I've been a UNIX programmer and a sys-admin for many years now, so it is not often that I find a book covering such a wide range of issues and concepts very helpful. A Practical Guide to Solaris is, however, a notable exception. The language is clear, and the narration is straight and to the point. I keep one copy for myself ready at hand, and I have given a copy to each of my assistants and apprentices.

I have read a few books on Linux and this is my first book on Unix and Solaris, so I am really new to the Linux/UNIX/Solaris world.This book is by far the best book in the category for Unix/Solaris beginners and even if you are using Linux, I would recommend using this book to learn the UNIX commands.I can't say anything bad about the book. It is clear, concise, easy to read, easy to understand, and after reading this book, I feel I know UNIX very well.I would buy any book from this author, and I highly recommend this book.

Real easy reading(12th grade max mostly 10th and below) for the beginner. Covers everything from how to use Netscape browser (duh...) to some fairly simple Korne, Bourne and C shell scripting guidance. I find it a little verbose (but then again I like decoding the man pages). Here's a sampling of the table of contents (something I wish would do...)Chpt1 - Overview of Solaris; Chpt2 - Getting Started, Before you start Logging in ....Basic Utilities like ls cat pg rm ect; Chpt3 - Solaris Utilities;Part II Intermediate /Advanced Solaris;Chpt6 - What Is a GUI? (no I'm not joking apparently Sobell thinks this is int./adv. stuff).Using a GUI...and so on, I think you get the idea.Do NOT consider this a user's guide. If you have more than a few weeks experience with any flavour of Unix then you are probably better off with a more sophisticated book (sorry no refs - I'm still looking myself) I would recommend this book for any high school computer course.There you have it - good luck!

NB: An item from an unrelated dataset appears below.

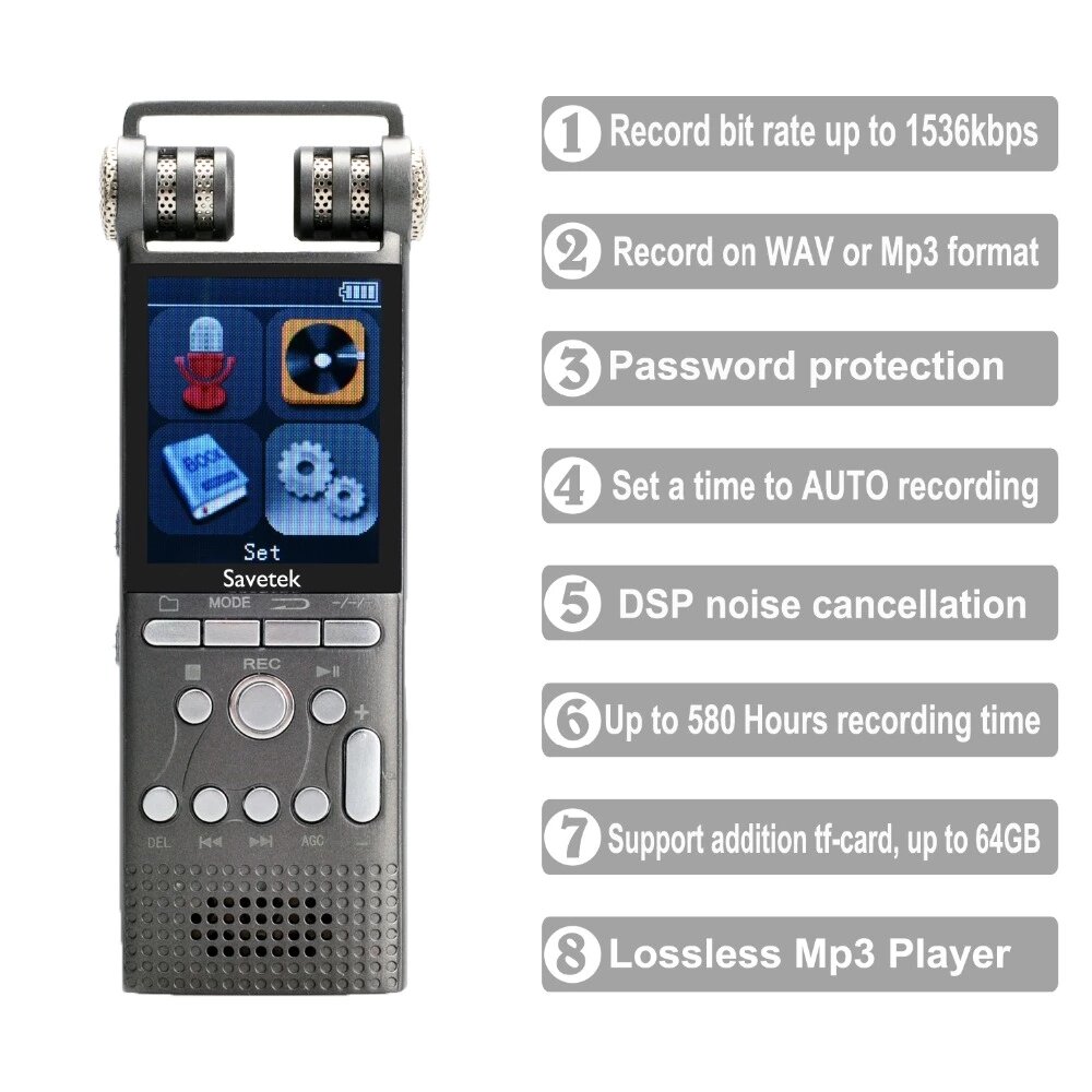 Rechargeable Batterie (800 mah), continue e enregistrer plus de 100 heures (format Mp3)

I was very disappointed with how simple and basic this book is. I am even more disappointed with all the high marks the other reviewers gave this book. It briefly describes many aspects and Unix services, but does little to teach the user on how to configure any of them. I would only recommend this book to those users who are very new to IP Networking and Operating Systems in general. Even if you are new to Unix/Linux, this book does not do much to advance your skills. I am by no means an Unix expert. I am pretty advanced with Windows NT Administration (2 Years), but have only been using Redhat Linux for the passed six months. This book does not offer me anything that I can't figure out on my own about the Solaris Enviornment, and definately nothing to offer about the Unix enviornment in general. You may want to buy another Solaris/Unix book.